I guess you are from the US and not EU? It's when they get too big and abuse their monopoly they will be regulated.

AFAIK nvidia have not done anything to abuse its power yet, but its hard for big companies to not use their monopoly in a illegal way since its always a good a Market strategy just illegal


interesting, hopefully same homonegisation will happen to gpu sphere as well :)


> i imagine if i tried to explain to someone the state of modern GPU computing i'd sound like an insane person, why is it so complicated, ugh :(

I mean, do you think this is different for anything else in our field? This was in some sense really simple... try doing this for front-end GUI frameworks or even multi-tenant isolation technologies.


my point of comparison is other types of accelerators (CPUs mostly) and GPU ecosystem in the past (when there was just like openCL and openGL)


I would add WebGL to the mix, for when you need that GPU performance in a browser that doesn't support WebGPU yet..


You missed GNM/GNMX, GX/GX2/NVN from Sony and Nintendo respectively, which tend to be forgotten on 3D API discussions.


That's because very few people have access to them and there's no information about them in the open.


Rather the urban myth that they fully support Khronos APIs persists.

To be fair there was some kind of support on the PS3 with GL ES 1.0/Cg shaders as secondary API, later dropped, Wii GX(2) shaders are based on GLSL, and while Switch does support GL 4.6 and Vulkan for porting purposes, it is either Nintendo extensions spaghetti time, or rewrite in NVN, for actually taking full advantage of the hardware.


mlx: a mix between numpy and cuda/hip for metal


You missed ROCm?


ROCm is a whole ecosystem. HIP falls under ROCm.


Could we get an expert to weigh in on the state of OpenCL. It seems like AMD and Intel are shifting away from OpenCL other GPGPU languages such as ROCm and DPC++.


Not sure if having two commercial OpenCL apps[0] makes me an expert, but the practical reality is that OpenCL works just great today, even on latest Apple platforms. It's not a lot of work to do a little testing and tuning on the 3 main vendors. News of OpenCL's demise is greatly exaggerated.

[0] https://glaretechnologies.com/


Did you figure out a way to interop OptiX with OpenCL, or do you just not use Nvidias RT acceleration? AFAIK it's not exposed directly through OpenCL.

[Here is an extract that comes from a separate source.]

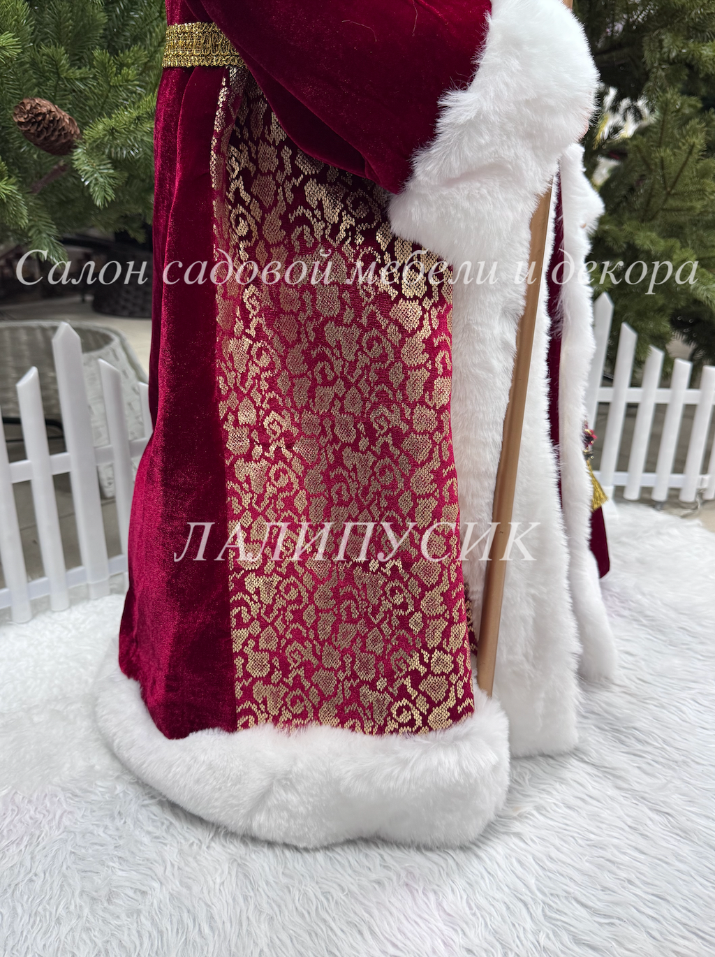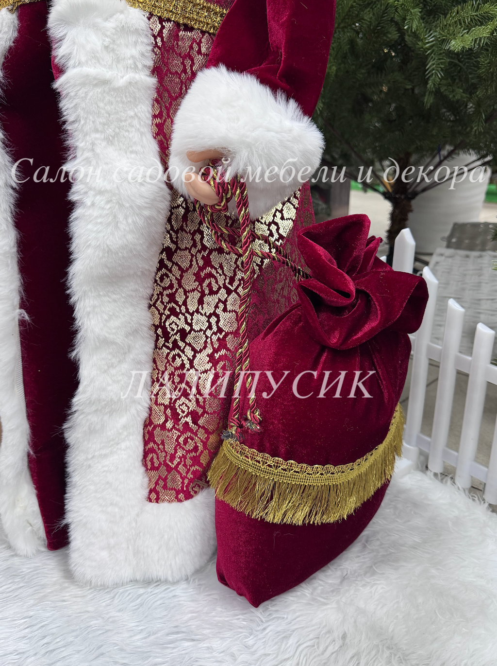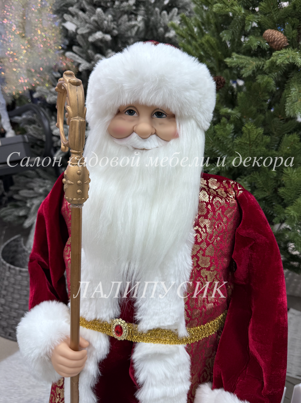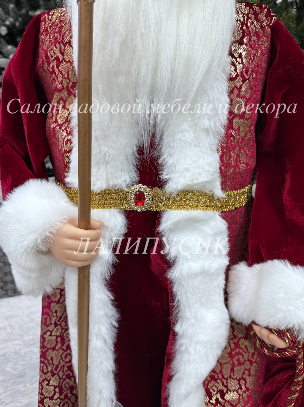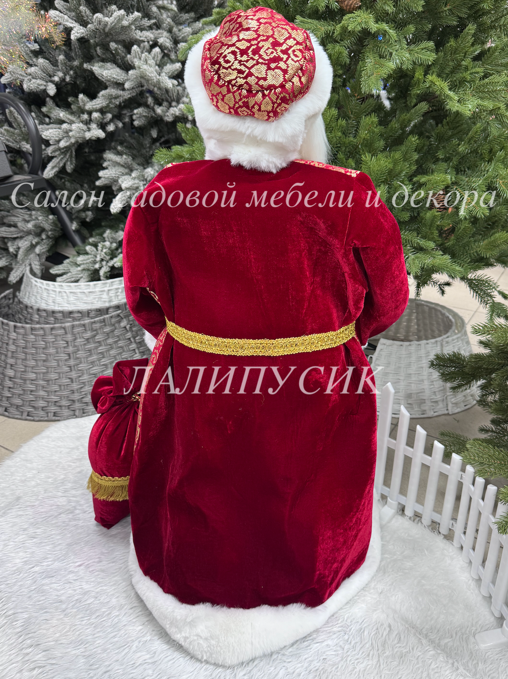 Новогодняя фигура под елку Дед Мороз - неотъемлемое украшение главных зимних торжеств. С ним праздник становится более ярким, красочным, веселым и волшебным. Без этого персонажа невозможно представить ни одну елку. С ним ассоциируются волшебство и подарки, сладости и веселье вокруг. Он станет главным украшением и символом чуда, завораживающим детей и взрослых на протяжении всех праздников. Сказочный персонаж впишется в праздничную композицию, дополнив ее у входа для встречи гостей, на подоконнике, столе или под елкой около подарков. Фигура выполнена в ярком цвете с множеством мелких деталей, за счет чего она удачно смотрится на фоне еловой или сосновой хвои.

Usually you batch up a large buffer of rays to be traced anyway, so it's not really a problem to hand this off to another API if need be. This is often the case on CPU too, where you would use something like Embree, but on GPU it'd be Vulkan RT or OptiX (we didn't do this for Indigo Renderer, however).


Well, my impression when I looked into OpenCl a few years ago was that it was certainly real and used for things but it was absolutely nothing like a Cuda replacement. Basically it's constructs are low level and processor specific - workable for graphic engines but not for general purpose gpu programming.

This is explains the rise of ROCm and DPC++ as systems having equivalent higher level constructs to Cuda.


SYCL is the second attempt at it, because only after got punched, seeing researchers rather adopt CUDA with its polyglot PTX, supporting C++, Fortran, and even subsets of Java, Haskell, .NET, did they come up with SPIR, and OpenCL C++ in OpenCL 2.0.

However almost no one cared, meaning AMD and Intel never shiped anything worth using, so OpenCL 3.0 is OpenCL 1.0 rebranded, and out of it, the C++ efforts were placed into SYSCL intead.

Which Intel picked up for their own DPC++ efforts, an additional tooling layer on top of SYSCL, meanwhile the only company selling usable SYCL developer experience is a former compiler vendor, that used to work with Sony in high performance compilers for the Playstation (Codeplay), as they pivoted away from console development.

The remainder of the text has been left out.